■ **Task to carry out**
Please quote exactly the lines below from the line containing "10月1日(木)、森山ケアセ" to the line containing "axes femme /", both lines included, and nothing else.

■ **Given records**
== Segment start ==

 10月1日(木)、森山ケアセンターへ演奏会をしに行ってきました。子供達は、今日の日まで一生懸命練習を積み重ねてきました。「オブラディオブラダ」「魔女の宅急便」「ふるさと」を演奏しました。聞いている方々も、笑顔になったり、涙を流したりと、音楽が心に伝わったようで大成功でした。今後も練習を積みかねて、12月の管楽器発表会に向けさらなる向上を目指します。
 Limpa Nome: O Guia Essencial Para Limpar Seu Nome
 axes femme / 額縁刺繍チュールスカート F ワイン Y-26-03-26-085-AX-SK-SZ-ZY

== Segment end ==
== Segment start ==

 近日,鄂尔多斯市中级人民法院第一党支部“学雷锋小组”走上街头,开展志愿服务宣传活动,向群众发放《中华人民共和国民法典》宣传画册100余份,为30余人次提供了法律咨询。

== Segment end ==

■ **Task output**
 10月1日(木)、森山ケアセンターへ演奏会をしに行ってきました。子供達は、今日の日まで一生懸命練習を積み重ねてきました。「オブラディオブラダ」「魔女の宅急便」「ふるさと」を演奏しました。聞いている方々も、笑顔になったり、涙を流したりと、音楽が心に伝わったようで大成功でした。今後も練習を積みかねて、12月の管楽器発表会に向けさらなる向上を目指します。
 Limpa Nome: O Guia Essencial Para Limpar Seu Nome
 axes femme / 額縁刺繍チュールスカート F ワイン Y-26-03-26-085-AX-SK-SZ-ZY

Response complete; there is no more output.